> To do
Begin at the line containing "6月5日下午,安徽省天长市张" in the records below, end at the line containing "Penthouse studio sa", and retype each line in that span exactly. No other line and no image should appear.

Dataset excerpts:
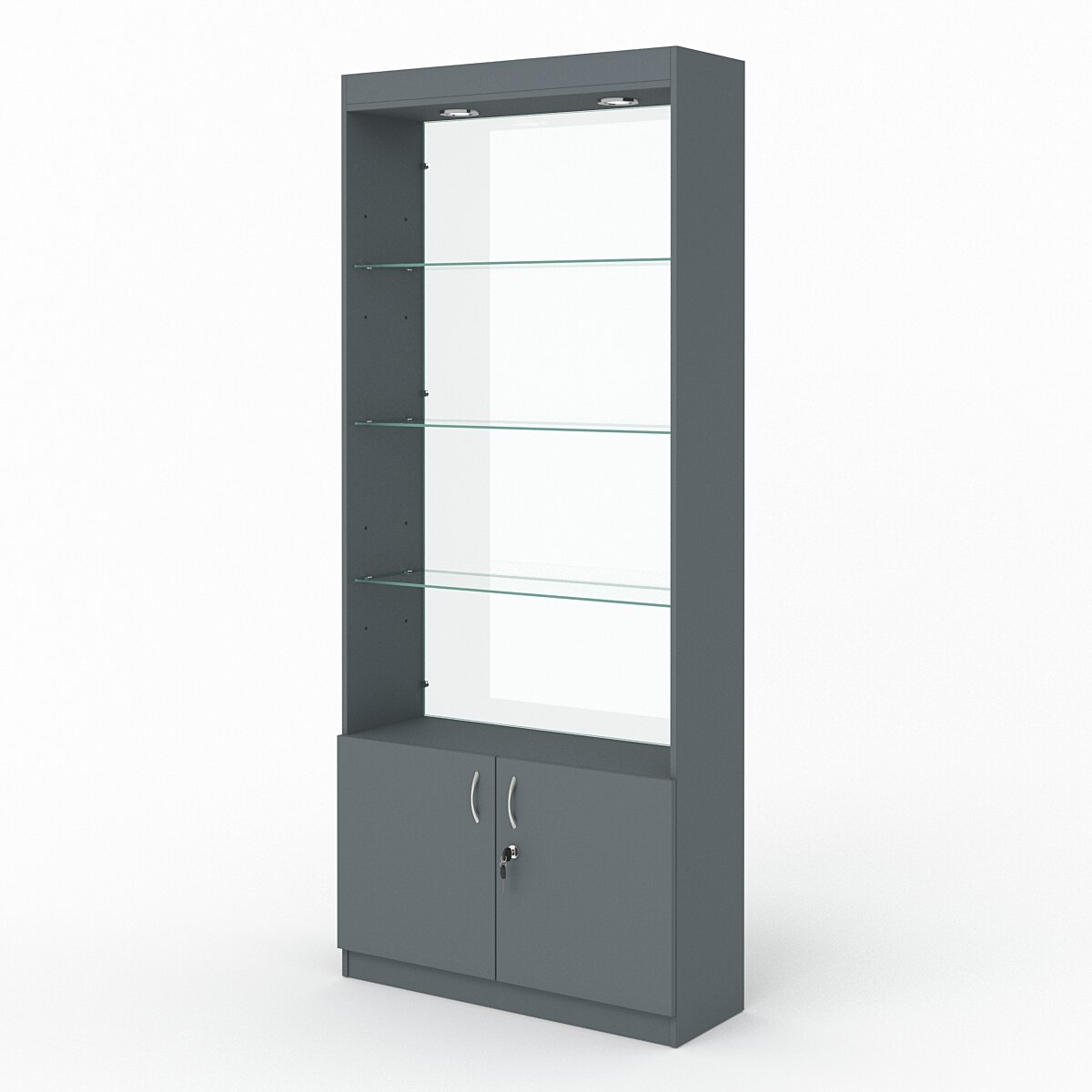 Витрина №300-2 (без дверок, задняя стенка - стекло), Темно-Серый 90 x 30 x 210 см интересное:
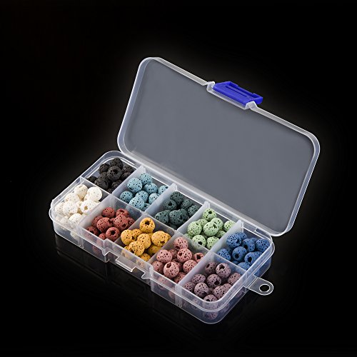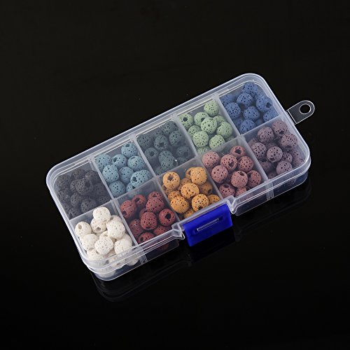 - Lava stone beads set: 10 color lava rock beads, including black, light blue, dark blue, green, light green, white, yellow, pink, red, purple ; 20 pieces each color, 200 pieces in total
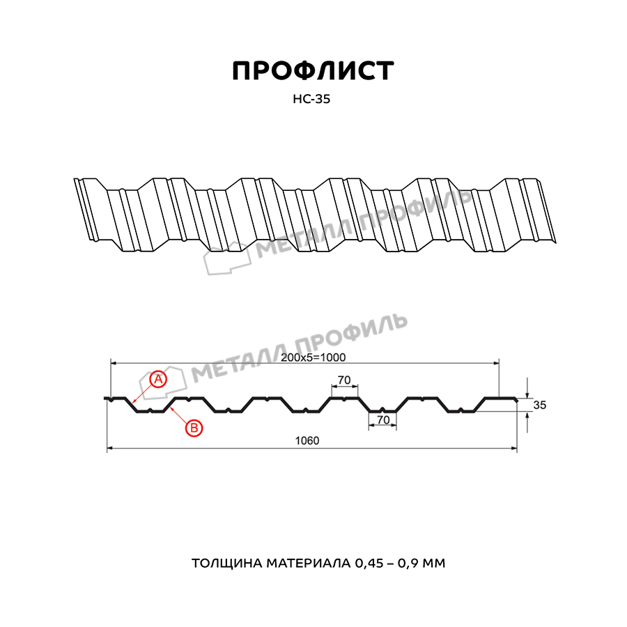 Универсальный и практичный материал с одинаковым с обеих сторон профилем. Пометка НС означает, что профилированный лист является и «несущим», и «стеновым». Он пользуется спросом как для гражданского строительства, так и для промышленных объектов. С помощью профлиста с высотой волны в 35 мм создаются конструкции очень разного назначения: ограждения придомовых и городских территорий, обустройство кровли, быстровозводимые постройки ( павильоны, навесы ), каркасные здания ( склады, торговые центры, цеха ). Хорошую способность выдерживать нагрузки НС-35 придают добавочные рёбра жёсткости, проходящие на лицевой и внутренней сторонах профлиста. Рабочая ширина этого профиля составляет 1000 мм при номинальной ширине 1060 мм, то есть при монтаже данного металлопрофиля в боковой замок уйдёт 60 мм. Толщина металла имеет диапазон от 0,5 до 0,9 мм – это обуславливает не только механическую прочность профлиста, но и его тяжесть. Полимерный слой из каталога Компани Металл Профиль добавит материалу дополнительную стойкость к ржавению и УФ-излучению.
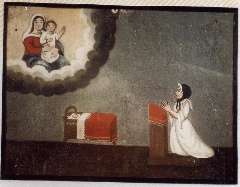 ex-voto 61 : Guérison d'un enfant dans un berceau. La mère implore la Vierge à l'enfant sur son prie-dieu
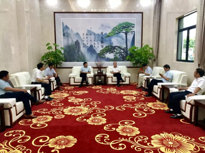 6月5日下午,安徽省天长市张铺镇镇长李训谦一行来yl34511线路中心参观考察,朱煜煊董事长会见了来宾。
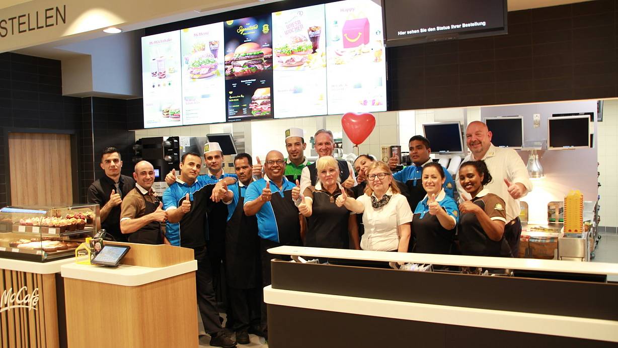 Das Team des McDonald's-Restaurants am Jahnplatz freut sich, nach vierwöchiger Umbaupause wieder Kunden begrüßen zu dürfen. | © McDonald's Verwaltung Heidrich
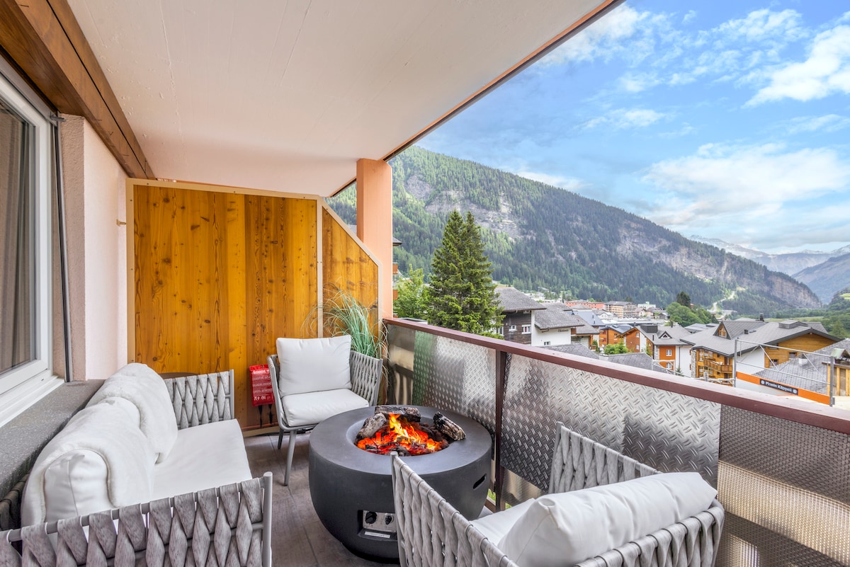 Penthouse studio sa terasom od 100 m2, neprekidnim pogledom na Alpe i PRIVATNOM hidromasažnom kadom. Unutrašnji prostor koji se sastoji od otvorenog dnevnog boravka i trpezarije sa sklopivim krevetom (180 cm), TV-om velikog ekrana, kupatila i udobne kancelarije. Kuhinja ima sve što vam je potrebno. Napolju vas čekaju terasa i pogled. Trpezarijski sto na otvorenom, viseća ležaljka i vatrogasna činija vas pozivaju da se opustite. Blizak pristup žičarima Gemmi & Torrant i termalnim kupatilima.
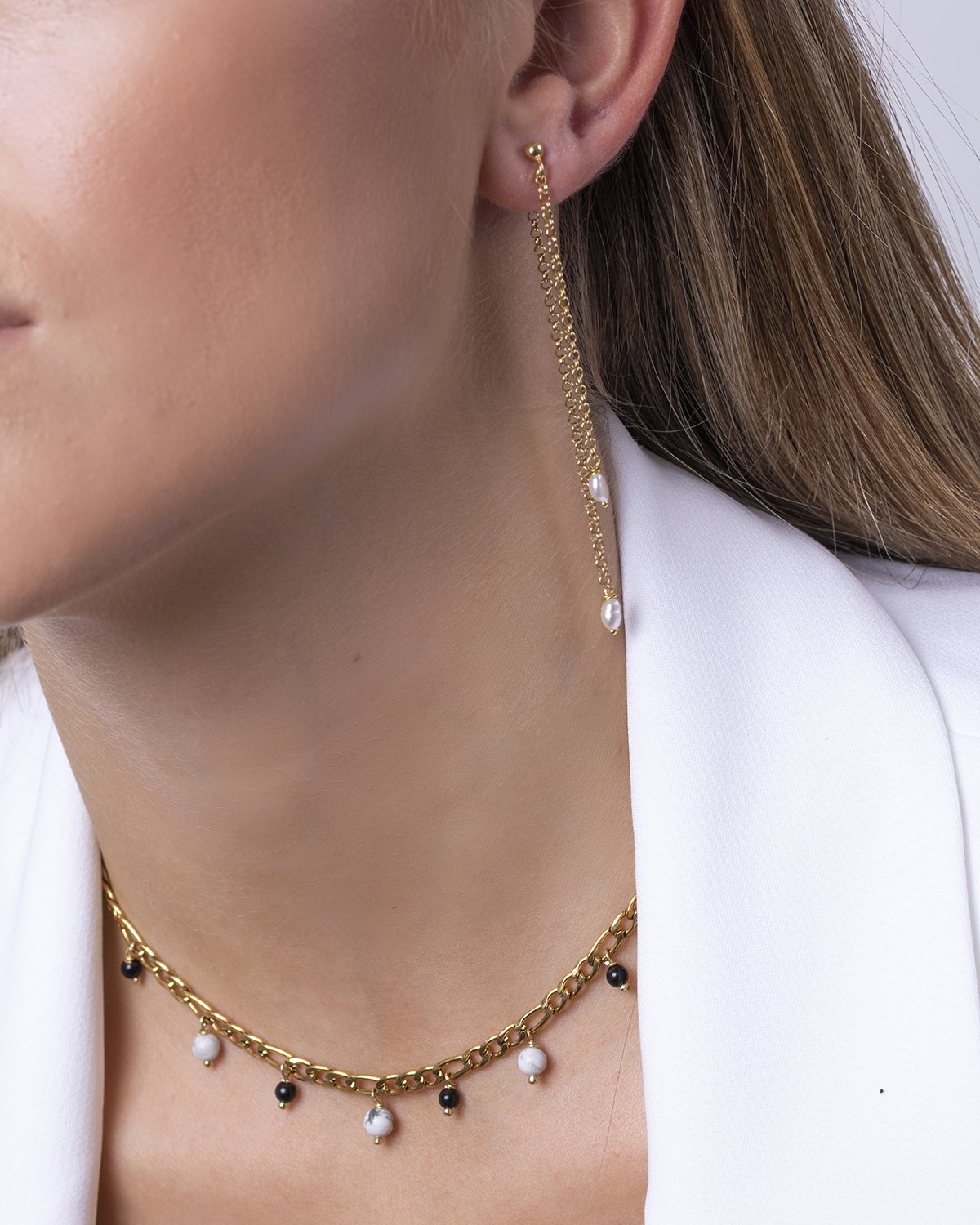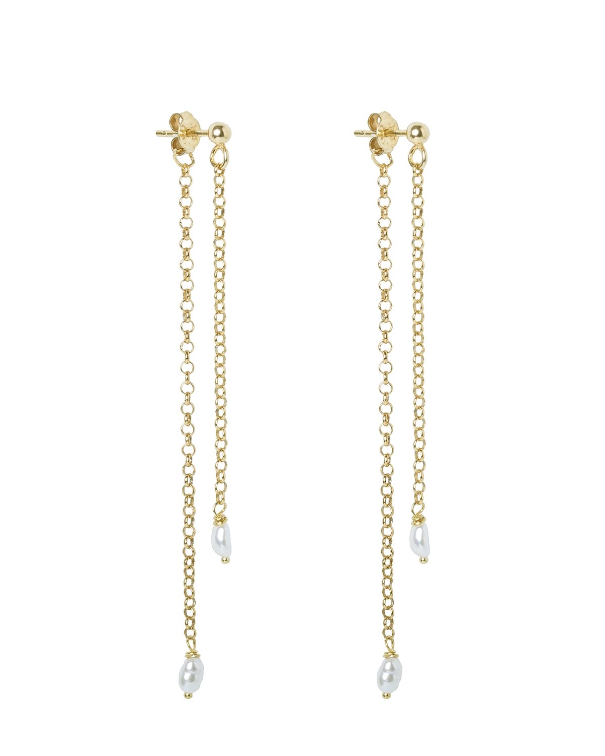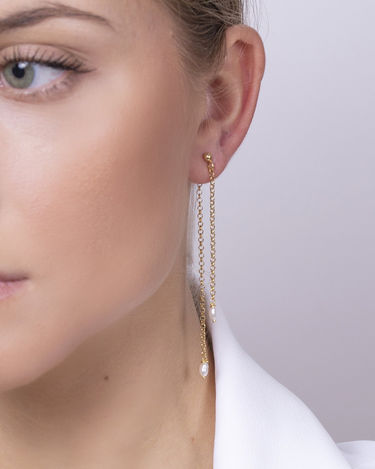 Party pearl is a pair of ball stud earrings with two dangling chains and freshwater pearls made of 18 carat gold plated 925 sterling silver. This party earrings are perfect for a special occasion.

> Solution for this task
 6月5日下午,安徽省天长市张铺镇镇长李训谦一行来yl34511线路中心参观考察,朱煜煊董事长会见了来宾。
 Das Team des McDonald's-Restaurants am Jahnplatz freut sich, nach vierwöchiger Umbaupause wieder Kunden begrüßen zu dürfen. | © McDonald's Verwaltung Heidrich
 Penthouse studio sa terasom od 100 m2, neprekidnim pogledom na Alpe i PRIVATNOM hidromasažnom kadom. Unutrašnji prostor koji se sastoji od otvorenog dnevnog boravka i trpezarije sa sklopivim krevetom (180 cm), TV-om velikog ekrana, kupatila i udobne kancelarije. Kuhinja ima sve što vam je potrebno. Napolju vas čekaju terasa i pogled. Trpezarijski sto na otvorenom, viseća ležaljka i vatrogasna činija vas pozivaju da se opustite. Blizak pristup žičarima Gemmi & Torrant i termalnim kupatilima.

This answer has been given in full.